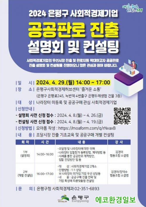 »çÀü ½ÅûÀº ¿À´Â 26ÀϱîÁö È«º¸ À¥Æ÷½ºÅÍÀÇ Å¥¾Ë(QR)Äڵ带 ÅëÇØ ¸ð¾ÆÆû ½Åû¼¸¦ ÀÛ¼º ÈÄ ¿Â¶óÀÎÀ¸·Î Á¦ÃâÇϰųª ÀºÆò±¸ »çȸÀû°æÁ¦°ú·Î ÀüÈ ½ÅûÇÏ¸é µÈ´Ù. ´Ü, ÄÁ¼³ÆÃ »çÀü ½ÅûÀº ´ë»ó ±â¾÷ 2°÷ ¼±Á¤°ú °»ç ¹èÁ¤ µî »çÀü Áغñ·Î ÀÎÇØ 19ÀϱîÁö·Î Á¶±â ¸¶°¨µÈ´Ù.
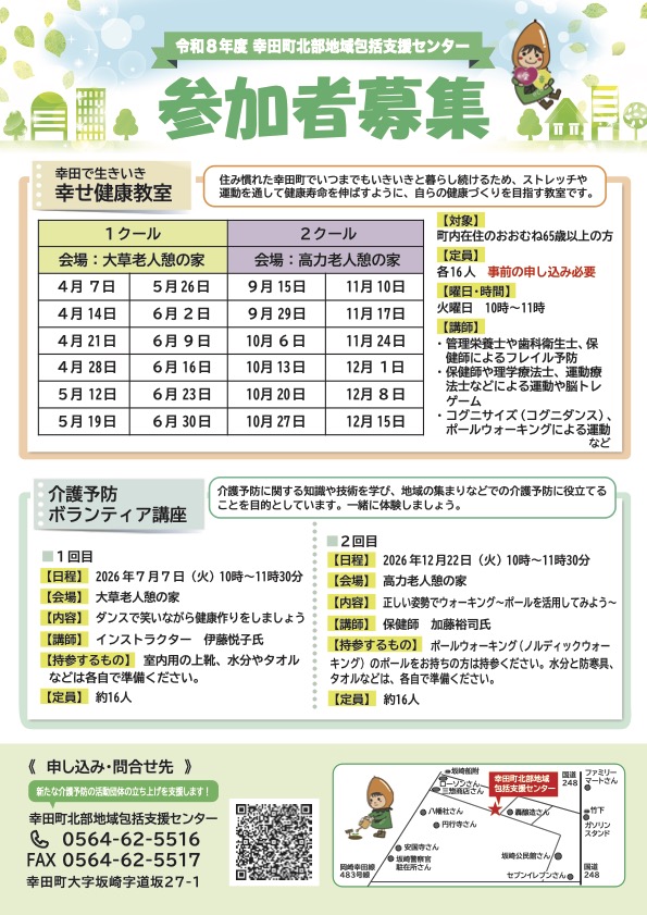 お申し込みは 幸田町北部包括支援センター まで
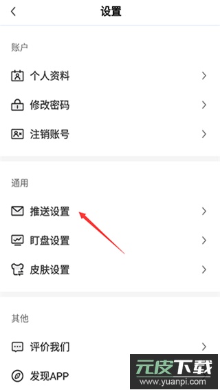3、在设置菜单中即可进行推送管理。
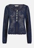 Yumi Navy Flower Crochet Button Up Cardigan
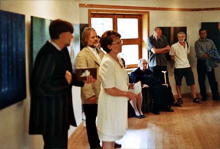 Egy profán világban vállalt különös, vagy különleges utat egy festő, aki szakrális képeket fest a harmadik évezred küszöbén. Többek között erről is beszélt a kolléga, a barát, Szála Erzsébet. Arról, hogy a képek mind egyet szólnak, mindegyik a különös, a távoli fény keresését mondja el más és más módon. Vagy színeikben, a türkiz letisztultságában és a barna melegségével, vagy egyértelmű formáival, ami szintén a szakralitást, a kereszt vonalait idézi.
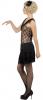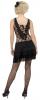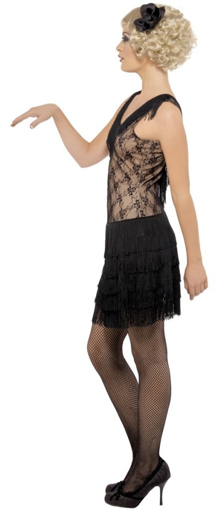 All That Jazz Costume includes a black dress with a lace top and fringe detailing on the skirt and along the neckline. The back of the dress features lace up detailing.
· · · · ·
**Work request**
After removing the pictures, set down every record above exactly as it stands.

**Result of the task**
 »çÀü ½ÅûÀº ¿À´Â 26ÀϱîÁö È«º¸ À¥Æ÷½ºÅÍÀÇ Å¥¾Ë(QR)Äڵ带 ÅëÇØ ¸ð¾ÆÆû ½Åû¼¸¦ ÀÛ¼º ÈÄ ¿Â¶óÀÎÀ¸·Î Á¦ÃâÇϰųª ÀºÆò±¸ »çȸÀû°æÁ¦°ú·Î ÀüÈ ½ÅûÇÏ¸é µÈ´Ù. ´Ü, ÄÁ¼³ÆÃ »çÀü ½ÅûÀº ´ë»ó ±â¾÷ 2°÷ ¼±Á¤°ú °»ç ¹èÁ¤ µî »çÀü Áغñ·Î ÀÎÇØ 19ÀϱîÁö·Î Á¶±â ¸¶°¨µÈ´Ù.
 お申し込みは 幸田町北部包括支援センター まで
3、在设置菜单中即可进行推送管理。
 Yumi Navy Flower Crochet Button Up Cardigan
 Egy profán világban vállalt különös, vagy különleges utat egy festő, aki szakrális képeket fest a harmadik évezred küszöbén. Többek között erről is beszélt a kolléga, a barát, Szála Erzsébet. Arról, hogy a képek mind egyet szólnak, mindegyik a különös, a távoli fény keresését mondja el más és más módon. Vagy színeikben, a türkiz letisztultságában és a barna melegségével, vagy egyértelmű formáival, ami szintén a szakralitást, a kereszt vonalait idézi.
 All That Jazz Costume includes a black dress with a lace top and fringe detailing on the skirt and along the neckline. The back of the dress features lace up detailing.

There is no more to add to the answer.